I came home with a newfound sense of purpose. It wasn’t too late. I could make new brown friends, and it suddenly hit me that I already knew some potentials. I’d recently created a book club in my local bookshop West End Lane Books, and some of the attendees were Indian.
A few were quite a bit older than me, but two were in their 30s. Like me, (and unlike a lot of other Indian women of the same age) they were unmarried. This felt like enough for a first friendship date, so I bit the bullet and suggested dinner.
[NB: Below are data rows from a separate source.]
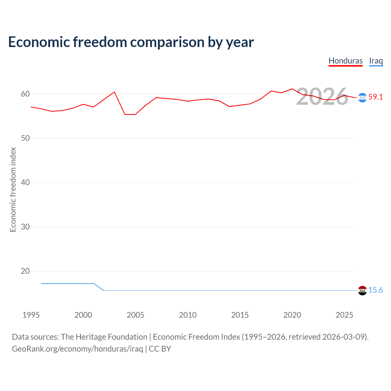 The Economic Freedom Index for Honduras is 59.1, ranking 105/197, compared to 15.6 for Iraq, ranking 196/197. The chart above displays a comparison of annual changes in economic freedom indexes.
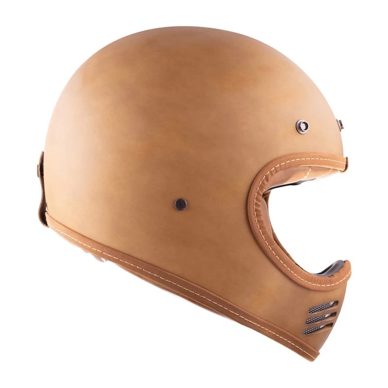 Gli interni richiamano il sapore retrò degli esterni, e sono costituiti da tessuti resi anallergici dal trattamento Sanitized e traspiranti. Le rifiniture sono in pelle sintetica dall’effetto invecchiato, che rispecchiano perfettamente l’anima vintage di questo casco e ne completano il design retrò, e sono facilmente lavabili.
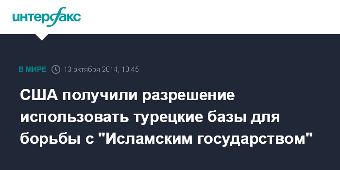 Москва. 13 октября. INTERFAX.RU - Турецкие власти дали США "зеленый свет" на использование расположенных на своей территории военных баз для борьбы с боевиками группировки "Исламское государство" (ИГ), сообщила советник президента США по национальной безопасности Сьюзан Райс.
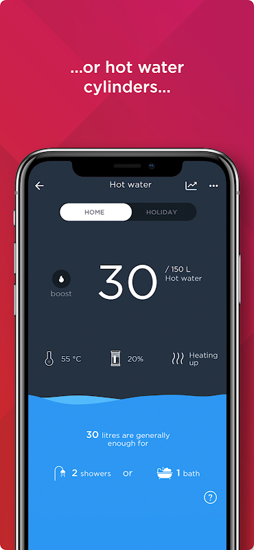 - 控制熱水。查看設定溫度下的可用水量(需要相容的 Dimplex Quantum 水缸 QWCd)。
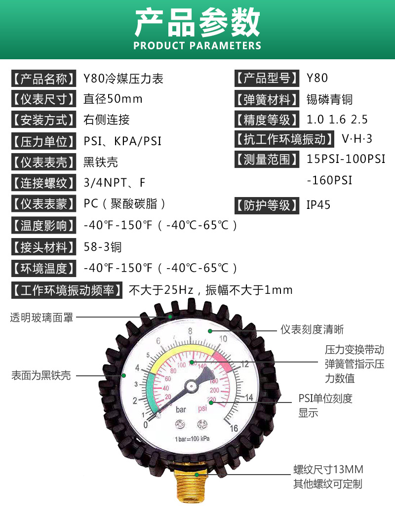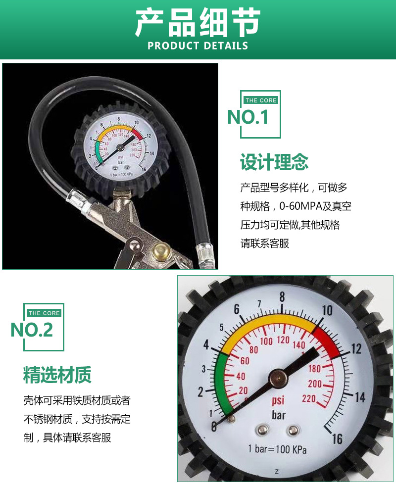 - Versatile Compatibility: Designed for measuring oil pressure, gas pressure, liquid pressure, and water pressure, making it suitable for a wide range of applications including tire inflator pumps.
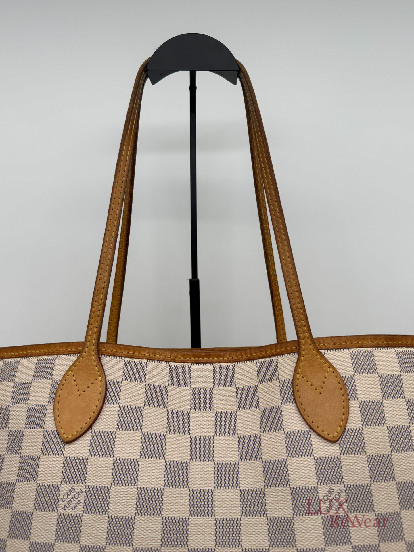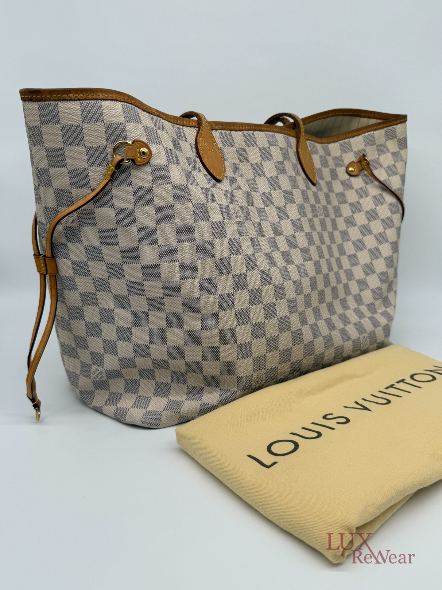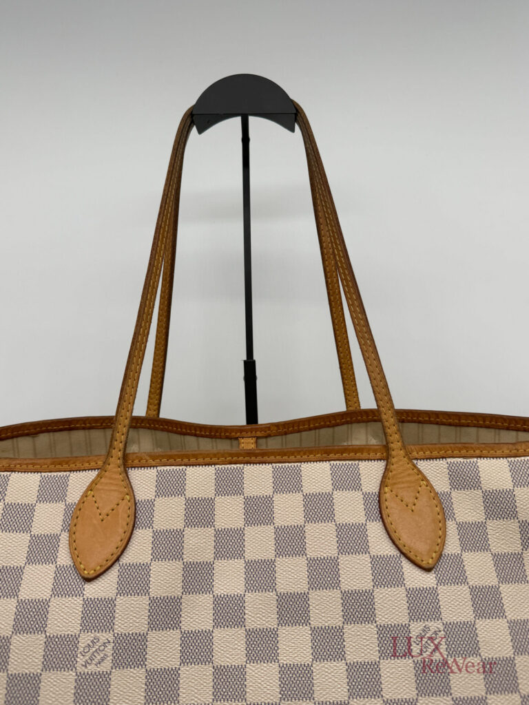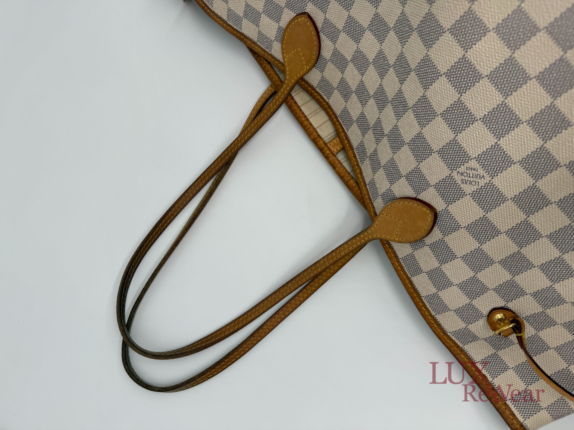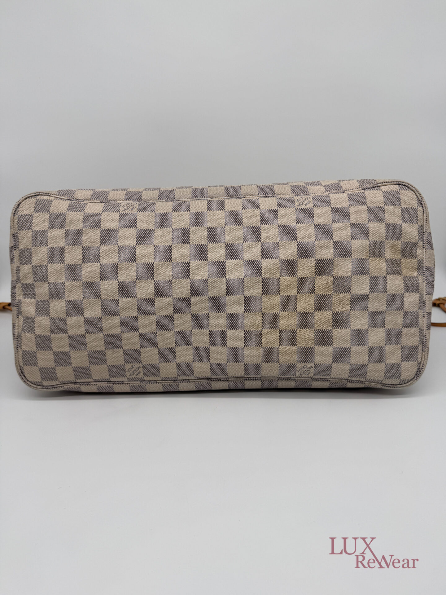 Deze pre-loved Louis Vuitton Neverfull GM is uitgevoerd in het iconische Damier Azur canvas en afgewerkt met natuurlijke vachetta leren details en goudkleurige hardware. Dankzij het ruime formaat is deze tas perfect voor dagelijks gebruik, werk of reizen. De tas beschikt over een groot hoofdcompartiment en een zijvak met rits, ideaal voor het veilig opbergen van kleinere items.

That was the start of regular ‘chats over chaats’. It turned out that all three of us were starved of friendship with other brown women, and we relished in being able to talk about our different upbringings, cultural expectations, how it felt to be brown women on dating apps (not great) and the strange disconnect that comes from growing up in communities that aren’t your own. Not to mention how much we all adored Indian street food and were happy to travel for miles in search of the best chaats and chilli paneer.
I realised how healing it was to discuss things with them that my closest white friends couldn’t understand. I felt like crying when they validated my experiences of micro-aggressions and unconscious discrimination in workplaces. I even asked for their thoughts on the novel I was writing – I Wish We Weren’t Related – all about a British Indian woman who is forced to spend two weeks with the sisters she hates whilst doing Hindu grieving prayers for the dad she didn’t know she had.
That book is coming out on July 6, and so many of those conversations we had informed those that my heroine Reeva has with her sisters, and her (brown) best friend Lakshmi. In a way, life is mirroring art, and I am proud to say that I’m now a 33-year-old woman with brown friends – and more keep on coming.
Recently, I made my first close male brown friend through a mutual friend. He’s a 38-year-old man who grew up in India, meaning his lived experiences are so different to mine – I often tell him I’m deeply jealous his formative years were spent in a country where brown was the norm – but we also have shared experiences that not everyone else gets. Like how it feels to have mixed-race relationships. And to have people think of us as less attractive purely because of our skin colour.
But also, (because this now seems to be my new standard for creating brown friendships), a shared deep appreciation of Indian street food.
I’m so grateful for these friendships. I still value my non-brown friends just as much as always, and many of them are like family to me. That love is always there. But it also feels like a huge gift to also have brown friends. F
or the first time, I have friends who know how it feels to grow up feeling like you never truly belonged – friends who understand the complexities of being judged on your skin colour, and the unique identity crisis that comes from being a brown person living in the UK. In a way, these friendships have healed a loneliness that for most of my life, I didn’t even know I had.